DATA SECTION:
-=-=-

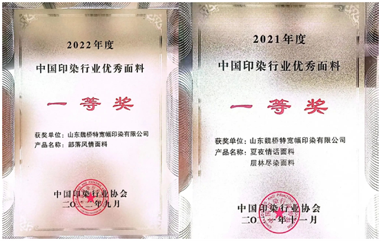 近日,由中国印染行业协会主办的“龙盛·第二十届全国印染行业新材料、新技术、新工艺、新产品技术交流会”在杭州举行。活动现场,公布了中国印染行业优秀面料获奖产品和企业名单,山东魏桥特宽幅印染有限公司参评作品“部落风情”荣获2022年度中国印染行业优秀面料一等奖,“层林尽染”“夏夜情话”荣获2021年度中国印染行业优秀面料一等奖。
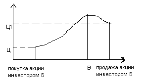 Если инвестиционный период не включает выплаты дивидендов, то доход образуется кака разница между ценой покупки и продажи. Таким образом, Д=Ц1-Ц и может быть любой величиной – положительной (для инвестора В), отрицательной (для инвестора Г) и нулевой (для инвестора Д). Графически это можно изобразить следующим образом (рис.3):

-=-=-

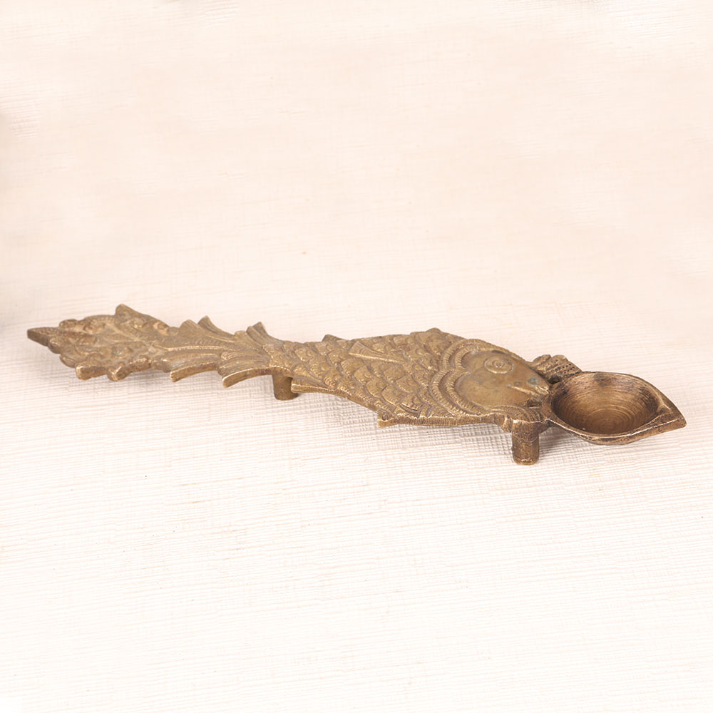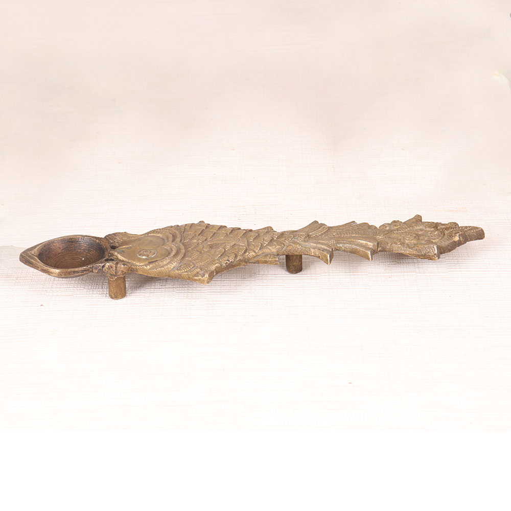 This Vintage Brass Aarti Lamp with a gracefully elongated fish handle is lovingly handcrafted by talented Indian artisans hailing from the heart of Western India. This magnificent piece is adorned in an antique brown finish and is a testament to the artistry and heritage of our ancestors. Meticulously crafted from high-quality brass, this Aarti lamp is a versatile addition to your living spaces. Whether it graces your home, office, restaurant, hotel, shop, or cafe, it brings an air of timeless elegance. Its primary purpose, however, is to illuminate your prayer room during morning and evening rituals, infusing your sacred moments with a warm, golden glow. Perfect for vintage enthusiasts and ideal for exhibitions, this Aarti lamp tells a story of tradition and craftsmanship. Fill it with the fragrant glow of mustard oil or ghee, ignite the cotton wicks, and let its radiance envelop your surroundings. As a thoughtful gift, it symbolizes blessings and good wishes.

-=-=-

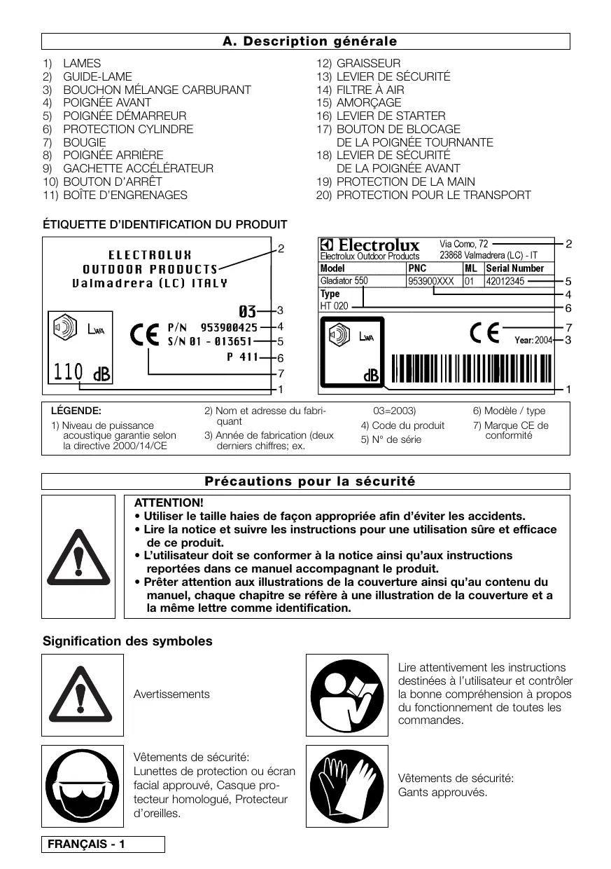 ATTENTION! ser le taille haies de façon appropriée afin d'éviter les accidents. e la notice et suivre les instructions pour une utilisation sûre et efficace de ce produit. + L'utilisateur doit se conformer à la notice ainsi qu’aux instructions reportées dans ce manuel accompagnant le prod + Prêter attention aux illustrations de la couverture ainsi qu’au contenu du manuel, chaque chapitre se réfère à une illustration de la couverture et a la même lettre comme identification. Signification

-=-=-

PROBLEM:
Print from the line containing "近日,由中国印染行业协会主办" through the line containing "Если инвестиционный период" in the data above, exactly as the lines stand, and omit every picture.

EXERCISE RESULT:
 近日,由中国印染行业协会主办的“龙盛·第二十届全国印染行业新材料、新技术、新工艺、新产品技术交流会”在杭州举行。活动现场,公布了中国印染行业优秀面料获奖产品和企业名单,山东魏桥特宽幅印染有限公司参评作品“部落风情”荣获2022年度中国印染行业优秀面料一等奖,“层林尽染”“夏夜情话”荣获2021年度中国印染行业优秀面料一等奖。
 Если инвестиционный период не включает выплаты дивидендов, то доход образуется кака разница между ценой покупки и продажи. Таким образом, Д=Ц1-Ц и может быть любой величиной – положительной (для инвестора В), отрицательной (для инвестора Г) и нулевой (для инвестора Д). Графически это можно изобразить следующим образом (рис.3):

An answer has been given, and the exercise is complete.